┌─ Material for this exercise

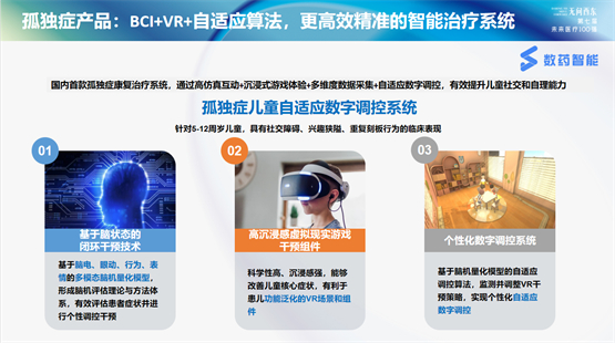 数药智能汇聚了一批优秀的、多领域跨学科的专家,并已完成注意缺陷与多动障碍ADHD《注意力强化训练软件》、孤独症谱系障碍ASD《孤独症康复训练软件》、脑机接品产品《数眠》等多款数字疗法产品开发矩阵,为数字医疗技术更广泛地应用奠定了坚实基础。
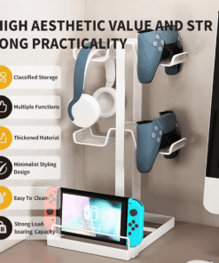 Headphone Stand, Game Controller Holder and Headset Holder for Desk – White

└─
┌─ Material for this exercise

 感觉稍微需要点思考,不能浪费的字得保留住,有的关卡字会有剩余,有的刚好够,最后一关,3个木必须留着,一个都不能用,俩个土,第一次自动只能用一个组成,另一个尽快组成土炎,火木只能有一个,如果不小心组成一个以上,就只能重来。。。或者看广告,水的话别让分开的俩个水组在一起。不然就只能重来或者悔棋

└─
┌─ Material for this exercise

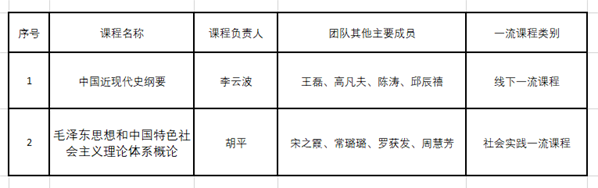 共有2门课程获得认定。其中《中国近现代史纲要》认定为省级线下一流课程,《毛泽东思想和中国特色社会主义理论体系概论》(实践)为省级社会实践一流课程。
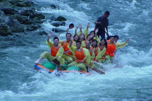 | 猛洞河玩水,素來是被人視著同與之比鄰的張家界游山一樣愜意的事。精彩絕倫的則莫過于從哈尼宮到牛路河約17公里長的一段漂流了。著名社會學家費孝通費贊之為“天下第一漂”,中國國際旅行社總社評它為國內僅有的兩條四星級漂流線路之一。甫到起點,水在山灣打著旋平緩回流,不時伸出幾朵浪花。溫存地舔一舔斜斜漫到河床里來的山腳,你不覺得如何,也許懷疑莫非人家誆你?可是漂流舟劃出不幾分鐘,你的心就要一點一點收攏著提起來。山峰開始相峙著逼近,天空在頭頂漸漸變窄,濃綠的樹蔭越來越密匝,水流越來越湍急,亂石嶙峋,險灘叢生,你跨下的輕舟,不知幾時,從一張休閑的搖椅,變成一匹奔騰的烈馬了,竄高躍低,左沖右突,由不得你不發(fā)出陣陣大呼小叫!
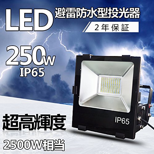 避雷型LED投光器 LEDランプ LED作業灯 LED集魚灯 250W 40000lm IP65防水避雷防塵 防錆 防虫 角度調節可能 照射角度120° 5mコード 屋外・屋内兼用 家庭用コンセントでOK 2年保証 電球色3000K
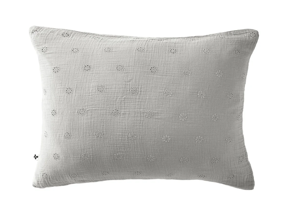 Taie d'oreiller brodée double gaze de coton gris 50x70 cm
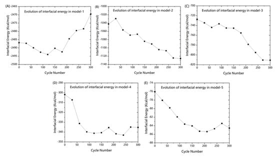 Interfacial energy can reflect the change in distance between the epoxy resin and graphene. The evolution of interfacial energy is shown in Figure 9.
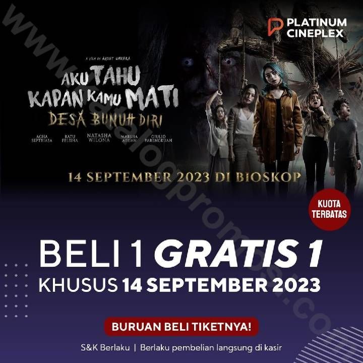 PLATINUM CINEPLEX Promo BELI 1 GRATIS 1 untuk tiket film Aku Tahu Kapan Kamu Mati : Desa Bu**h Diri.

└─

• _Aim of the exercise_:
Exact repeat of the material above: every line from the one with "Taie d'oreiller brodée" through the one with "PLATINUM CINEPLEX Promo", endpoints included, and nothing more. No pictures.

• _Answer section_:
 Taie d'oreiller brodée double gaze de coton gris 50x70 cm
 Interfacial energy can reflect the change in distance between the epoxy resin and graphene. The evolution of interfacial energy is shown in Figure 9.
 PLATINUM CINEPLEX Promo BELI 1 GRATIS 1 untuk tiket film Aku Tahu Kapan Kamu Mati : Desa Bu**h Diri.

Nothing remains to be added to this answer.